→ **What is being asked**: Below are the records; extract from them the line containing "Char-grilled chicken tikka" to the line containing "This high-detail 3D", both lines included, exactly and with no pictures.

→ **Supplied entries**:
^^^^

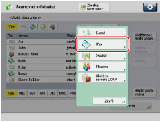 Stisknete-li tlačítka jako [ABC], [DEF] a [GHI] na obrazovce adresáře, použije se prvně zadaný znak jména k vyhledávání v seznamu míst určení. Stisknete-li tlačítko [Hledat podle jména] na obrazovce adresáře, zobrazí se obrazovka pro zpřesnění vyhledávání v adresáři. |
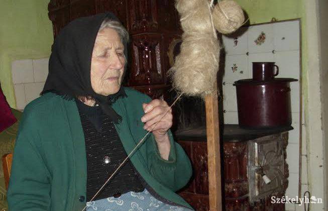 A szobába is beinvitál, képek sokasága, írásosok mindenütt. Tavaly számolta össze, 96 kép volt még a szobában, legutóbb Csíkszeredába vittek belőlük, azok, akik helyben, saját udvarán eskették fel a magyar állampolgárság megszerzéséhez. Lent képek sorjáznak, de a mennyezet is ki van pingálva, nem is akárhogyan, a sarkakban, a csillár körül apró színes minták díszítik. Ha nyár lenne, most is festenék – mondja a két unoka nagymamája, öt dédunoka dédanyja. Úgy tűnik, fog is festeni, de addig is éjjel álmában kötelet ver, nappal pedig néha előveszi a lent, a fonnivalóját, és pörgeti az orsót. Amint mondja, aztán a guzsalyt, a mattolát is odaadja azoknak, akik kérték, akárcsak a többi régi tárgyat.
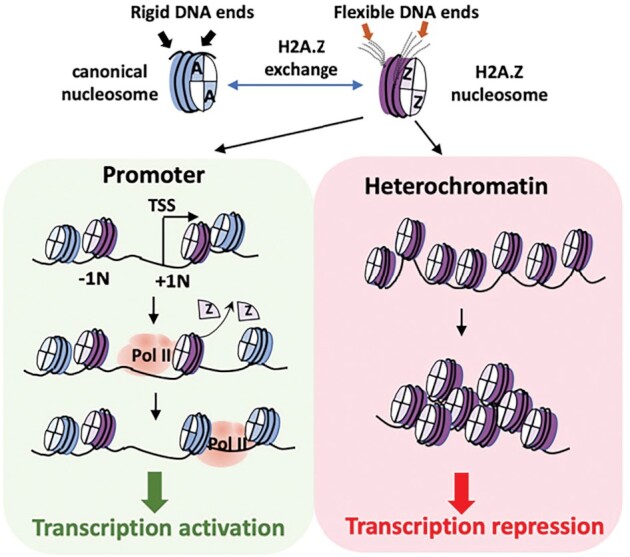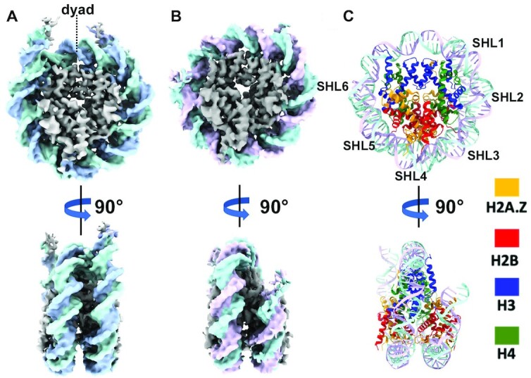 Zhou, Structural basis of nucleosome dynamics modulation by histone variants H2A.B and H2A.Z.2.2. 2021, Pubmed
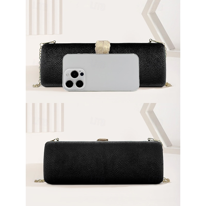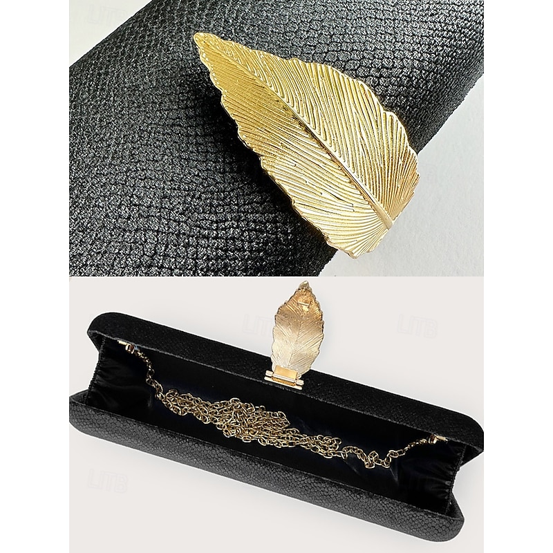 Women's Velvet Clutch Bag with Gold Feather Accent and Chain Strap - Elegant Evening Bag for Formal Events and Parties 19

^^^^

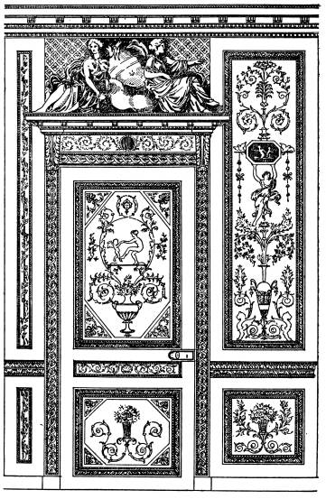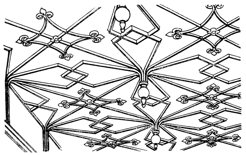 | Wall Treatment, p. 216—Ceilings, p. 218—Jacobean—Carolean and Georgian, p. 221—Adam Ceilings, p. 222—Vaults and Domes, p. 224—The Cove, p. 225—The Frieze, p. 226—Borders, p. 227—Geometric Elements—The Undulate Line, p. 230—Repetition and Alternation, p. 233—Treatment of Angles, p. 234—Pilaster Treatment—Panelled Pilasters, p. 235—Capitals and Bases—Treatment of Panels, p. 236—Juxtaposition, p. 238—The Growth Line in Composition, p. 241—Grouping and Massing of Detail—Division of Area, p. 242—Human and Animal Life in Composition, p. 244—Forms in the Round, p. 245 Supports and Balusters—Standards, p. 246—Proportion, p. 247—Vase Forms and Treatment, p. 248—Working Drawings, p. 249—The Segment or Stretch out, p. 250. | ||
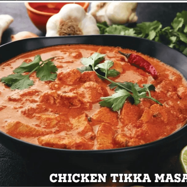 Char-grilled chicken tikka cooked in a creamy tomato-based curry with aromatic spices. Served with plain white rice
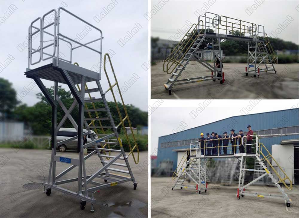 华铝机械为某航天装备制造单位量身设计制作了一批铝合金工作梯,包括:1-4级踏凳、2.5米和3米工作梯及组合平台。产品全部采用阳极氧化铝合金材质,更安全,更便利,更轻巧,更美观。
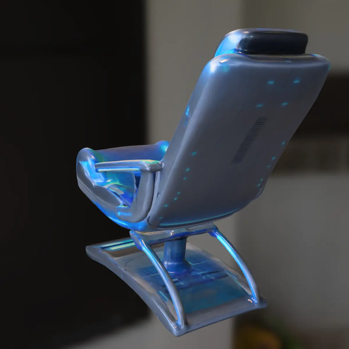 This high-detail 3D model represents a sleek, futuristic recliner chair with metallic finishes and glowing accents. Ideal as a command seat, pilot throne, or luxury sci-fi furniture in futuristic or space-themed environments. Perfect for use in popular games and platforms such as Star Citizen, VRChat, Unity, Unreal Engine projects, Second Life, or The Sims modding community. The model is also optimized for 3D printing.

^^^^

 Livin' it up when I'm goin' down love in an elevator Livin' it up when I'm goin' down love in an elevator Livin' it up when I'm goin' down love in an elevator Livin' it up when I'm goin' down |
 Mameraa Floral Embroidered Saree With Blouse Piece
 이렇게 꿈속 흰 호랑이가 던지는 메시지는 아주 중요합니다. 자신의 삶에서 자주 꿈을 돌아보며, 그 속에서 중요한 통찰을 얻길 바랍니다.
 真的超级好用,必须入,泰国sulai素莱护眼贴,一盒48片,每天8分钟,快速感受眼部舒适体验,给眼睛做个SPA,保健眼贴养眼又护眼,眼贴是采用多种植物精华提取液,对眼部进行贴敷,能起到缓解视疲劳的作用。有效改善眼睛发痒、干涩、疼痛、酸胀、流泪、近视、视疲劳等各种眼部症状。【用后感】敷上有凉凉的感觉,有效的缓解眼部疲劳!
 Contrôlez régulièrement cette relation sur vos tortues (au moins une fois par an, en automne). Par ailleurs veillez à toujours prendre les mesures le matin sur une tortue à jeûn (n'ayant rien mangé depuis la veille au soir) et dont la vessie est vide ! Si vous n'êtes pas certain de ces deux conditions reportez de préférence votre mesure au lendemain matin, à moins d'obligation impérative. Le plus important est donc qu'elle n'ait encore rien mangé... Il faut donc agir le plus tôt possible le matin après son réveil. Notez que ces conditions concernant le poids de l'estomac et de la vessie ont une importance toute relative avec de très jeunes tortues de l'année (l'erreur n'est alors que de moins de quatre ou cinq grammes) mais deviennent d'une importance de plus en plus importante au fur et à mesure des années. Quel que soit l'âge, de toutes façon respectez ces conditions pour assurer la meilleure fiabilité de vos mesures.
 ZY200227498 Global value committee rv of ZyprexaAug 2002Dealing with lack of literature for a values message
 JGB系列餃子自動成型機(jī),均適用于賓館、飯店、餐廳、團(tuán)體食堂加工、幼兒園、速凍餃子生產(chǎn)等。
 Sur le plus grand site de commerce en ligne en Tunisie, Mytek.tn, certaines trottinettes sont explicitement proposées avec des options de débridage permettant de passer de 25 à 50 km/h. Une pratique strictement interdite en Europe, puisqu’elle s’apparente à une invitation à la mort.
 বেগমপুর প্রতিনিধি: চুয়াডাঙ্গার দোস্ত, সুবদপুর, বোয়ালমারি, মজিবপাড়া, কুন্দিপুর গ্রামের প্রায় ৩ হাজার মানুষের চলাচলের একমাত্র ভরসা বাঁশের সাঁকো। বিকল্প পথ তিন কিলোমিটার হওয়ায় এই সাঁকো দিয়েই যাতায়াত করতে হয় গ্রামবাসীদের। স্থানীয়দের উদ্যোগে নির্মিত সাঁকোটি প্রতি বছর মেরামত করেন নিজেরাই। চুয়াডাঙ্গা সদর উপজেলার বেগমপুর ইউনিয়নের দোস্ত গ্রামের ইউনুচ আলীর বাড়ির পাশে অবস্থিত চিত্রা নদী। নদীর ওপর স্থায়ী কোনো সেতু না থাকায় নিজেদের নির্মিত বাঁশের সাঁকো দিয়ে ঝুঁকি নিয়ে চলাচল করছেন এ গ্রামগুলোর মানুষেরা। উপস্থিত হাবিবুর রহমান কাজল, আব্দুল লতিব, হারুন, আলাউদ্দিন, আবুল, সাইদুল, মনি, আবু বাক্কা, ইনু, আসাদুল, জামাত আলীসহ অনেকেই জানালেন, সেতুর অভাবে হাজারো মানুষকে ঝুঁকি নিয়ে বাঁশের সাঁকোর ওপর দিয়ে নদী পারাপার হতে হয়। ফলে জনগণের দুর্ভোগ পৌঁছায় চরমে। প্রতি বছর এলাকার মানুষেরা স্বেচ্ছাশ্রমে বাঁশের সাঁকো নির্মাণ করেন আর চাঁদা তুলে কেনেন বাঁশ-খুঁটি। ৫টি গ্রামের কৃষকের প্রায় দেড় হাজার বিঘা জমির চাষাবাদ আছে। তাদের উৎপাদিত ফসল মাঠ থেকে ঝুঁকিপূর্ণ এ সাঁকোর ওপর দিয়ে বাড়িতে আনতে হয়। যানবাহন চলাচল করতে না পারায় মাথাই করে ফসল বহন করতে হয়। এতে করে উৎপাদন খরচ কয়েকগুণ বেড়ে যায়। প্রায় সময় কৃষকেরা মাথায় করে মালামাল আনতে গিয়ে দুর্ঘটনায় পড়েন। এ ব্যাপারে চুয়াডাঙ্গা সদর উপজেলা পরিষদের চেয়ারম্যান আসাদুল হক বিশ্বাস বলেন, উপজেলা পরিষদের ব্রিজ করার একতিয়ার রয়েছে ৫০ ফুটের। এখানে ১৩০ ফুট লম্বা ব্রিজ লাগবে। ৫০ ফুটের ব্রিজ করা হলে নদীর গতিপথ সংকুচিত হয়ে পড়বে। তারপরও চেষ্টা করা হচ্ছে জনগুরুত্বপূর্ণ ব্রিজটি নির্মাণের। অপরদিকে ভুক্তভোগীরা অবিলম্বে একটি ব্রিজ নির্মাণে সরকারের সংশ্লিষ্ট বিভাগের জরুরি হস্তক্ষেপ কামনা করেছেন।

^^^^

→ **Exercise response**:
 Char-grilled chicken tikka cooked in a creamy tomato-based curry with aromatic spices. Served with plain white rice
 华铝机械为某航天装备制造单位量身设计制作了一批铝合金工作梯,包括:1-4级踏凳、2.5米和3米工作梯及组合平台。产品全部采用阳极氧化铝合金材质,更安全,更便利,更轻巧,更美观。
 This high-detail 3D model represents a sleek, futuristic recliner chair with metallic finishes and glowing accents. Ideal as a command seat, pilot throne, or luxury sci-fi furniture in futuristic or space-themed environments. Perfect for use in popular games and platforms such as Star Citizen, VRChat, Unity, Unreal Engine projects, Second Life, or The Sims modding community. The model is also optimized for 3D printing.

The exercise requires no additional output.